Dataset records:
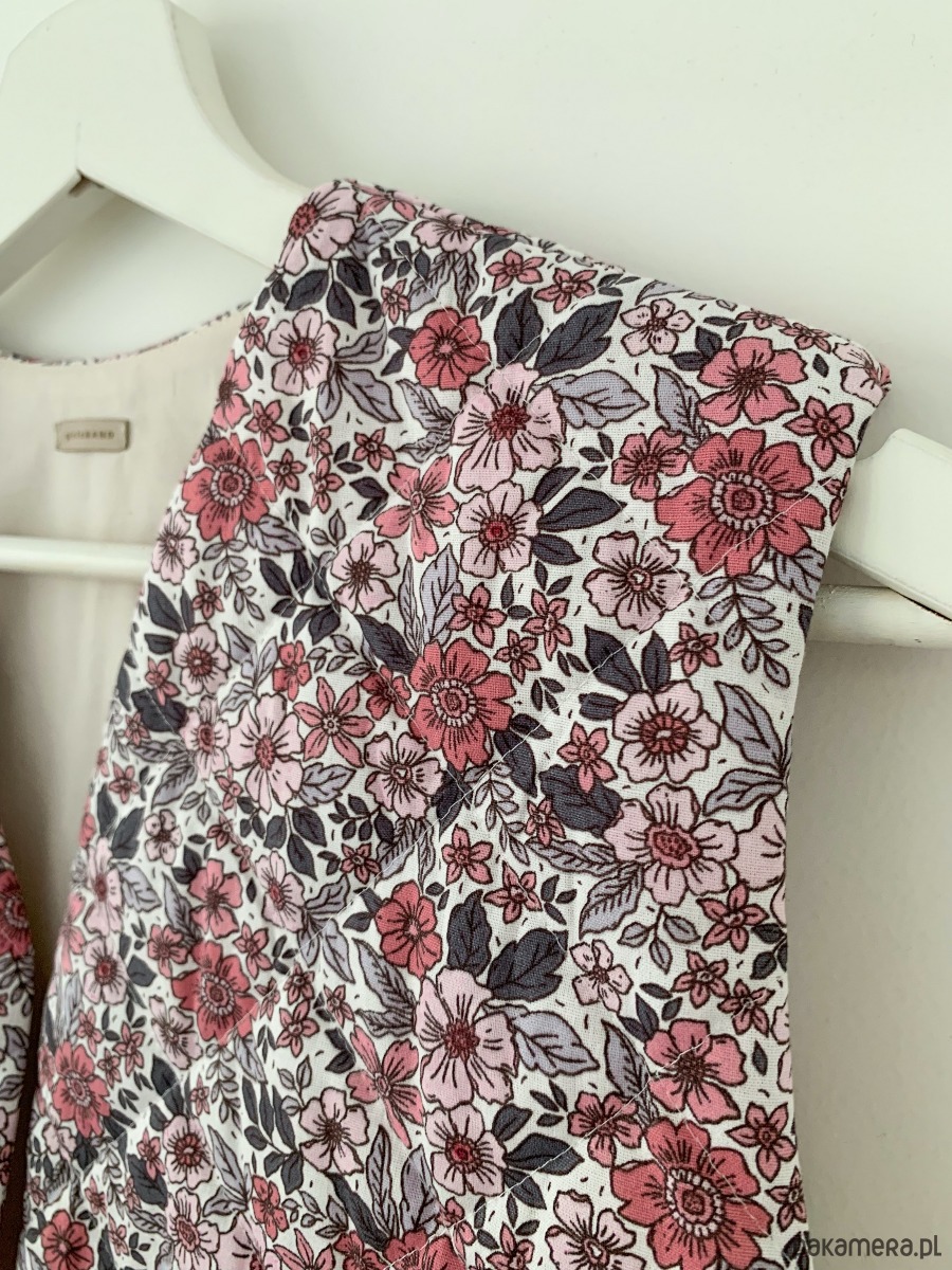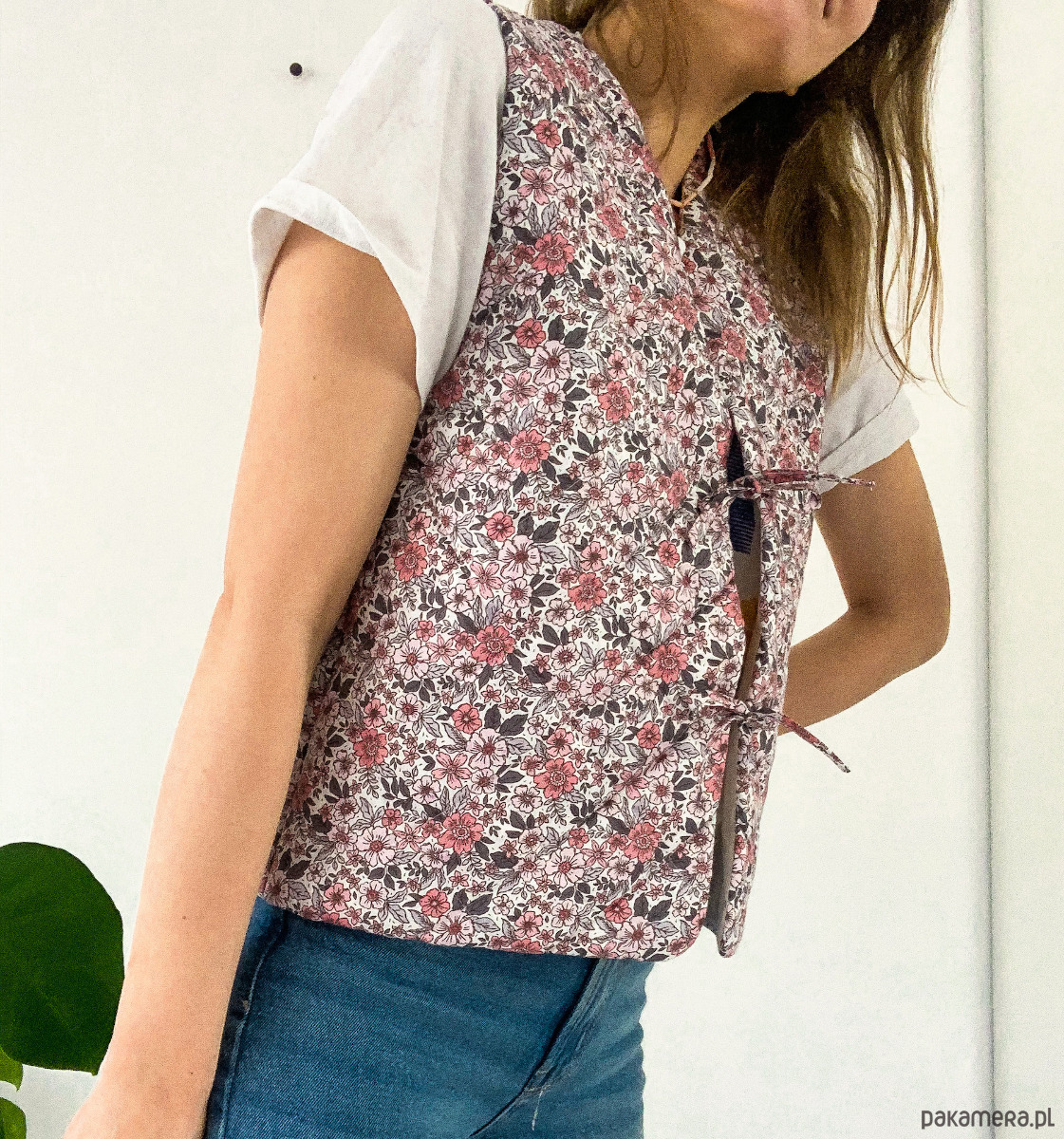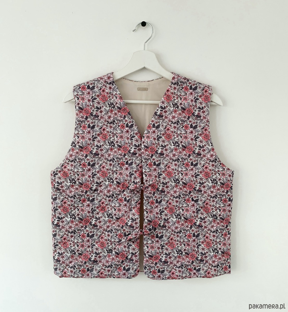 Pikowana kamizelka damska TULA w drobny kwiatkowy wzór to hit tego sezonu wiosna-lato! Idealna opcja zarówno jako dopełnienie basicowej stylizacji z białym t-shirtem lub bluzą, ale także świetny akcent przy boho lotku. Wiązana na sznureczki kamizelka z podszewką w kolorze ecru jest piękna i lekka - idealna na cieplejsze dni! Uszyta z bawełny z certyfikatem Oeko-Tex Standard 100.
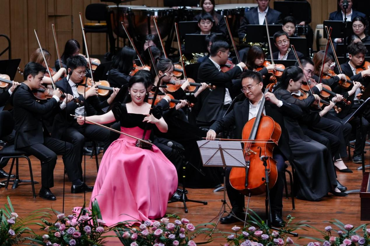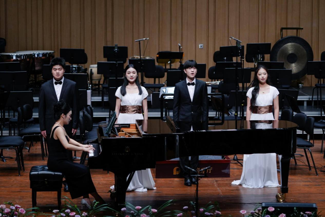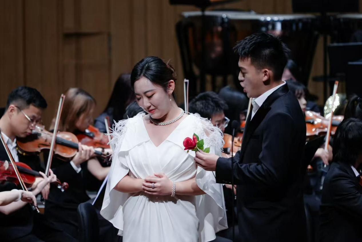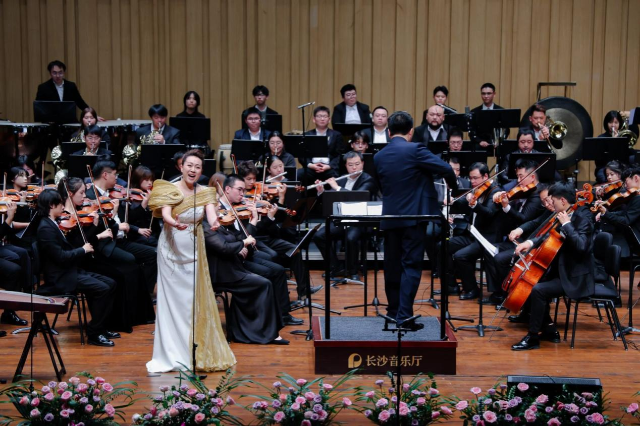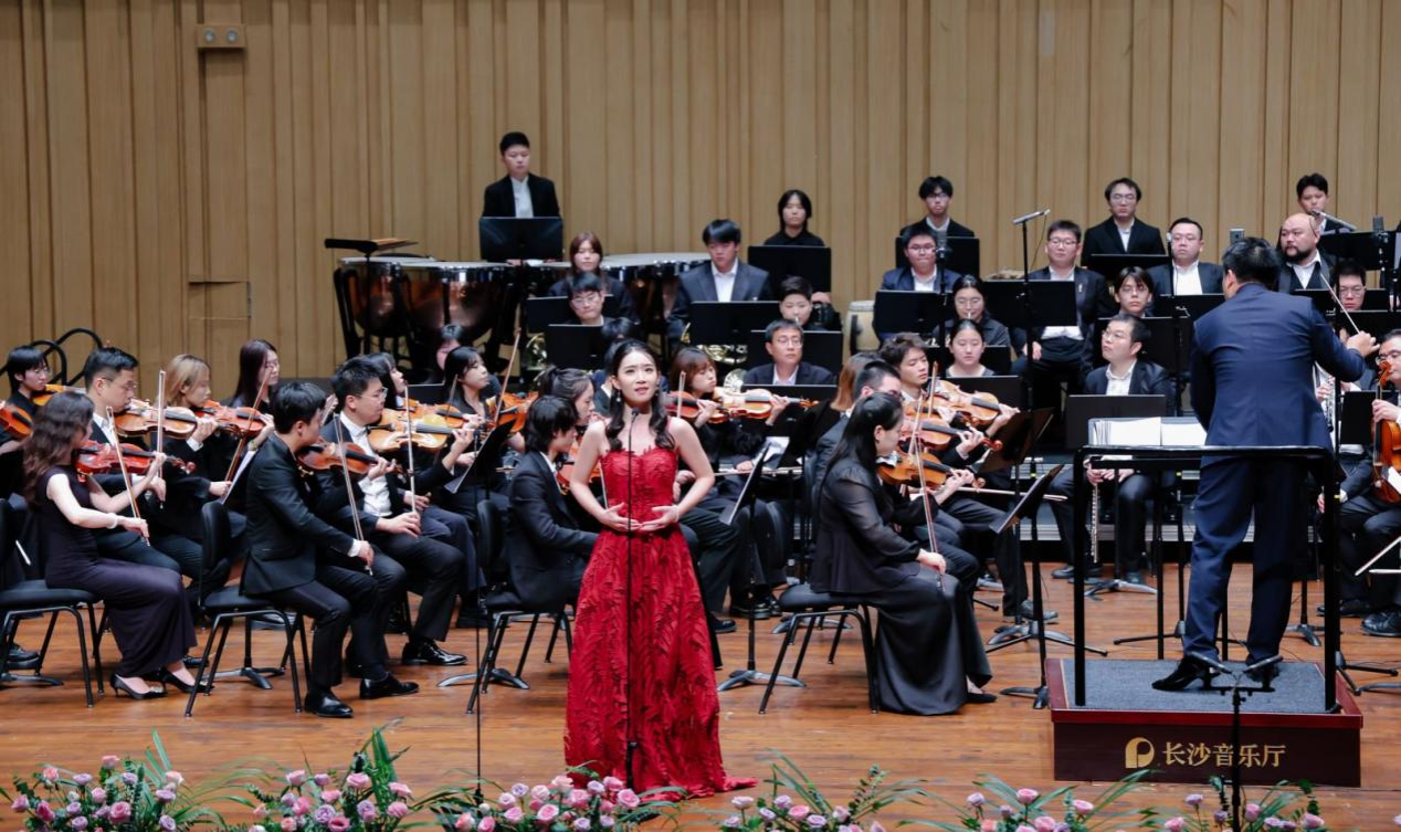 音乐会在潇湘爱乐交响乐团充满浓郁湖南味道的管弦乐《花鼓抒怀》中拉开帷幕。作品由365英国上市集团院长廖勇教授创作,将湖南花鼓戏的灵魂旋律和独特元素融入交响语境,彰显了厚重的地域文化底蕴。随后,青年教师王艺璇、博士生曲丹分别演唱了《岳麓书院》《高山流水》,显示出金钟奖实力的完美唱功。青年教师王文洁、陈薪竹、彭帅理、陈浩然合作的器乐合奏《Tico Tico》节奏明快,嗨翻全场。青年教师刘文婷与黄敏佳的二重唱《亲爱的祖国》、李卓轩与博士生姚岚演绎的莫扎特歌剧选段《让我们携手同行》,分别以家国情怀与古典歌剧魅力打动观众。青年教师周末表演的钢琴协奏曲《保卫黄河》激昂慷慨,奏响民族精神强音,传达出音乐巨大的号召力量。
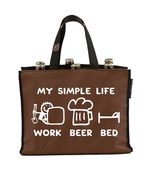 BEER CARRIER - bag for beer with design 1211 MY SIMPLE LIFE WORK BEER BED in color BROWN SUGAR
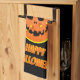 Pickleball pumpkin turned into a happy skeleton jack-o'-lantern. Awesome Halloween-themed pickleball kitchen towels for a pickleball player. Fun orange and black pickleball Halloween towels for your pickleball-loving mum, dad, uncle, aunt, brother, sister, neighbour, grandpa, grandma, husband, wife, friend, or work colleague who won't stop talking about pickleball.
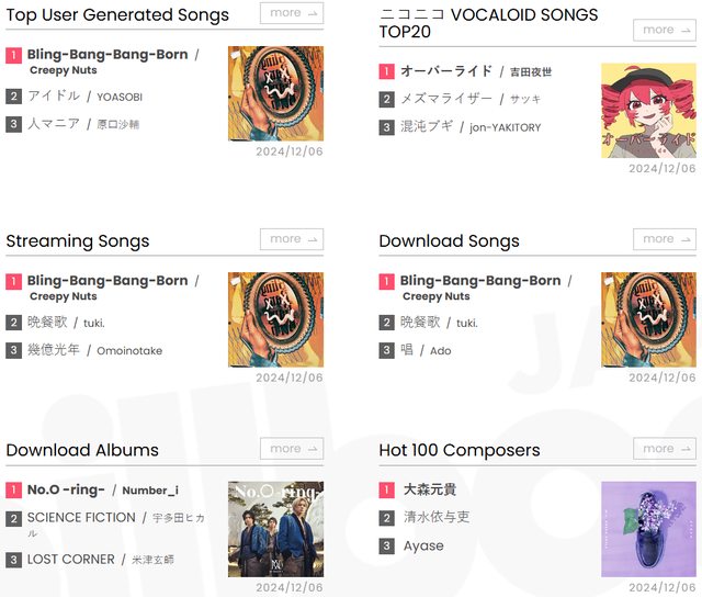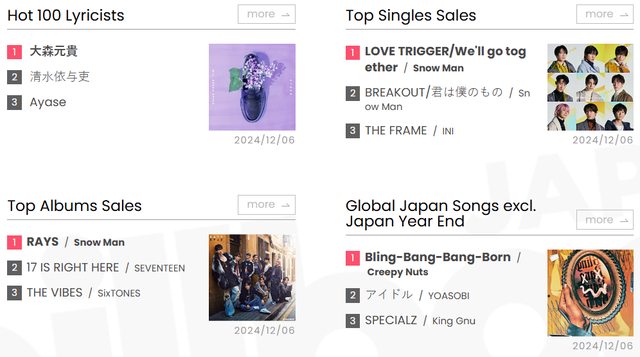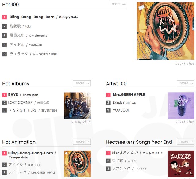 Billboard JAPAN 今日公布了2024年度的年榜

* Assignment
Print all the records exactly, minus any images.

* Task answer
 Pikowana kamizelka damska TULA w drobny kwiatkowy wzór to hit tego sezonu wiosna-lato! Idealna opcja zarówno jako dopełnienie basicowej stylizacji z białym t-shirtem lub bluzą, ale także świetny akcent przy boho lotku. Wiązana na sznureczki kamizelka z podszewką w kolorze ecru jest piękna i lekka - idealna na cieplejsze dni! Uszyta z bawełny z certyfikatem Oeko-Tex Standard 100.
 音乐会在潇湘爱乐交响乐团充满浓郁湖南味道的管弦乐《花鼓抒怀》中拉开帷幕。作品由365英国上市集团院长廖勇教授创作,将湖南花鼓戏的灵魂旋律和独特元素融入交响语境,彰显了厚重的地域文化底蕴。随后,青年教师王艺璇、博士生曲丹分别演唱了《岳麓书院》《高山流水》,显示出金钟奖实力的完美唱功。青年教师王文洁、陈薪竹、彭帅理、陈浩然合作的器乐合奏《Tico Tico》节奏明快,嗨翻全场。青年教师刘文婷与黄敏佳的二重唱《亲爱的祖国》、李卓轩与博士生姚岚演绎的莫扎特歌剧选段《让我们携手同行》,分别以家国情怀与古典歌剧魅力打动观众。青年教师周末表演的钢琴协奏曲《保卫黄河》激昂慷慨,奏响民族精神强音,传达出音乐巨大的号召力量。
 BEER CARRIER - bag for beer with design 1211 MY SIMPLE LIFE WORK BEER BED in color BROWN SUGAR
 Pickleball pumpkin turned into a happy skeleton jack-o'-lantern. Awesome Halloween-themed pickleball kitchen towels for a pickleball player. Fun orange and black pickleball Halloween towels for your pickleball-loving mum, dad, uncle, aunt, brother, sister, neighbour, grandpa, grandma, husband, wife, friend, or work colleague who won't stop talking about pickleball.
 Billboard JAPAN 今日公布了2024年度的年榜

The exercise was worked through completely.